# 2007 Ontario BBQ Championship Series - Final Standings



## Diva Q (Sep 18, 2007)

Following are the final standings using the best three scores from the 2007 series (points available - 6000). These 12 teams competed in the minimum of three events this year.

1. Simcoe County Smokers - 5,283 Pts
2. The BBQ Effect - 5,253 Pts
3. Dizzy Pig Canada - 5,199 Pts
4. Team Cedar Grilling - 5,193 Pts
5. Swines & Bovines - 5,173 Pts
6. Diva Q – 5,111 Pts
7. Bustin' Loose – 5,052 Pts
8. Bubba-Q - 5,029 Pts
9. Smokin' in the Igloo – 5,024 Pts
10. The Q Crew - 4,954 Pts
11. Smoked Meets - 4,758 Pts
12. Porky’s BBQ - 4,698 Pts


----------



## Guest (Sep 18, 2007)

Almost a Top 5!


Congrats on a great season girlie!
peace
<><


----------



## Greg Rempe (Sep 18, 2007)

Good job Diva!  6 is great...5 would have been better though!


----------



## Unity (Sep 18, 2007)

Not bad for a beginner!    

--John  8) 
(One through five, watch out next year.   )


----------



## Bill The Grill Guy (Sep 18, 2007)

I have my money on Diva in the top 2 next year.  And most of my money is going for a #1 finish.


----------



## wittdog (Sep 18, 2007)

Great Job...especially with everything you went thru this year.


----------



## Bbq Bubba (Sep 18, 2007)

Congrat's on a great finish Diva!!


----------



## Bruce B (Sep 18, 2007)

Danielle,

A heartfelt CONGRATULATIONS, a fine showing for your first year, especially considering the hardships you endured with your equipment.
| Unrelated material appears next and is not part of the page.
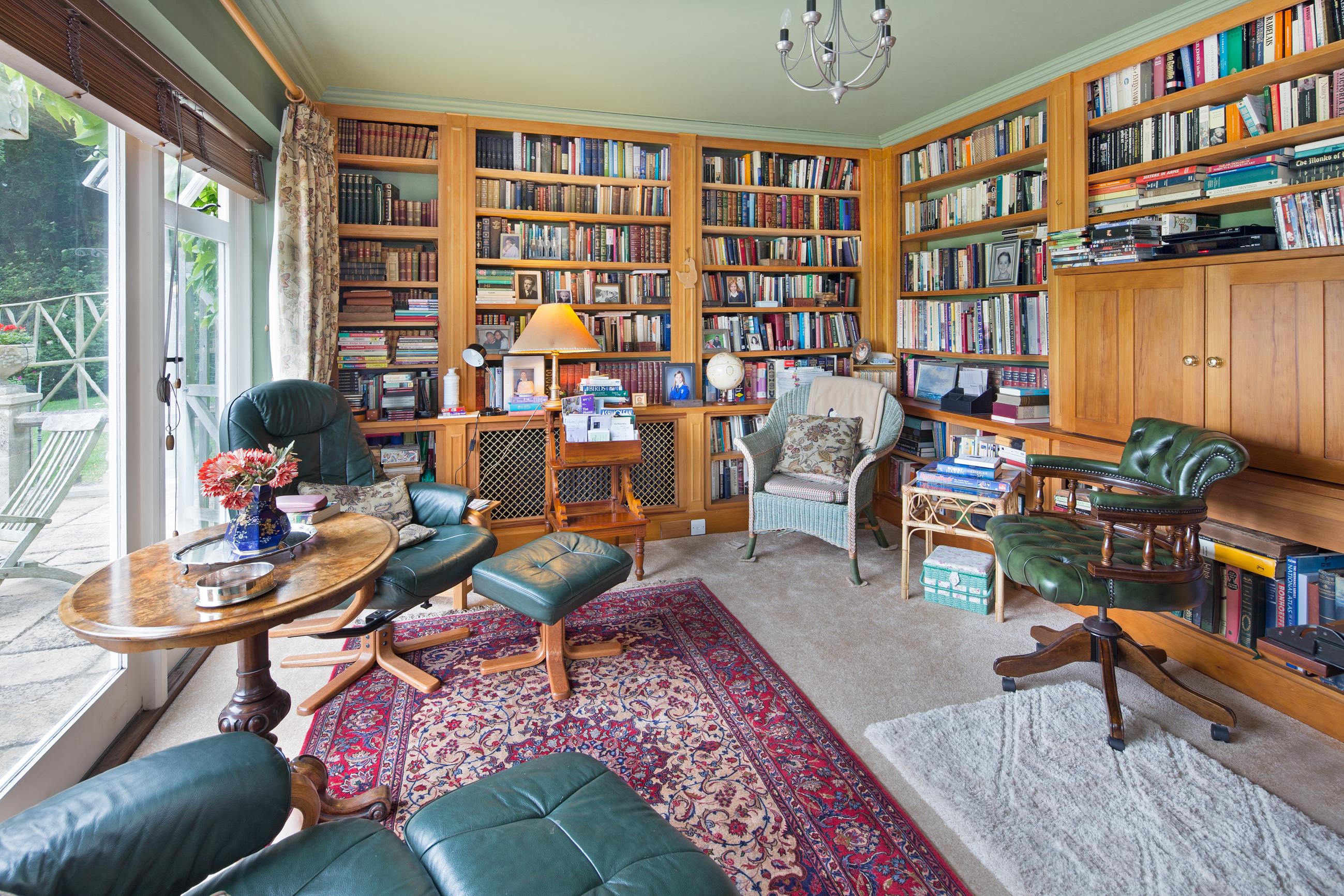 The first floor comprises three well-proportioned bedrooms, all of which have large built-in cupboards. The drawing room is a large and light room with a majestic arch ceiling and French doors leading to a veranda. A small study leads off this room. A formal dining room with French windows onto the terrace leads to the kitchen/breakfast room with French windows onto the terrace, a space for table seating, a range of units, an Aga, a separate gas hob and electric oven. There is a separate utility room with a door leading to the garden. Beyond the kitchen is a library/study with French windows onto the terrace.

My attitude is if we don't finish in last place it was a good showing  , you guys had a very commendable showing.

Keep the passion going and look at your techniques and do some minor tweaking for next year.
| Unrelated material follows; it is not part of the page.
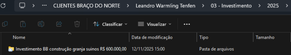 3- Com o Checklist impresso, basta preencher com os dados que já temos do produtor, dentro da pasta custeio, entre na pasta do ano que está sendo feito o projeto, se não tiver, crie uma do ano, e dentro dela entre na pasta do banco especifico que você estiver fazendo, se novamente não tiver a pasta, crie uma.
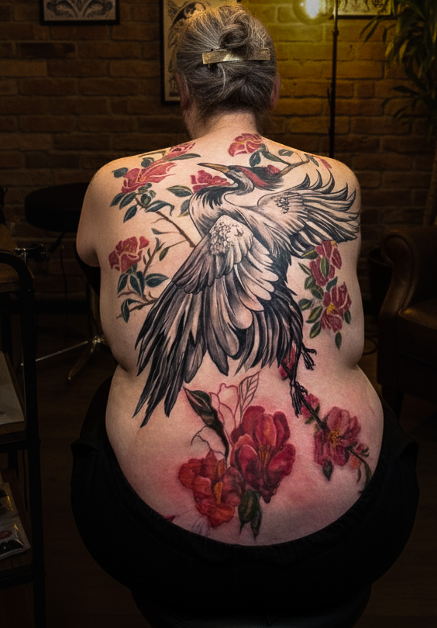 grue-japonaise-tatouage-dos-couleur-art-nouveau-avignon-tamara-chaudesaigues

Looking forward to seeing you again at the OinkFest.


----------



## Diva Q (Sep 18, 2007)

Thank you all those are some kind words.


----------



## Griff (Sep 19, 2007)

Way to go Diva.


----------



## Diva Q (Sep 19, 2007)

Thank you Guys. 

(It is so nice to be in such good company here. )


----------



## Big Butt BBQ (Sep 19, 2007)

Congrats Diva


----------



## Molson (Sep 20, 2007)

Bill The Grill Guy said:
			
		

> I have my money on Diva in the top 2 next year.  And most of my money is going for a #1 finish.



I Concur.

Its going to make our job that much harder. 

Great work again Danielle!


Jim


----------



## Diva Q (Sep 20, 2007)

That is very kind coming from you Molson I appreciate it.


----------



## Puff1 (Sep 20, 2007)

A big congrats to you & the crew!


----------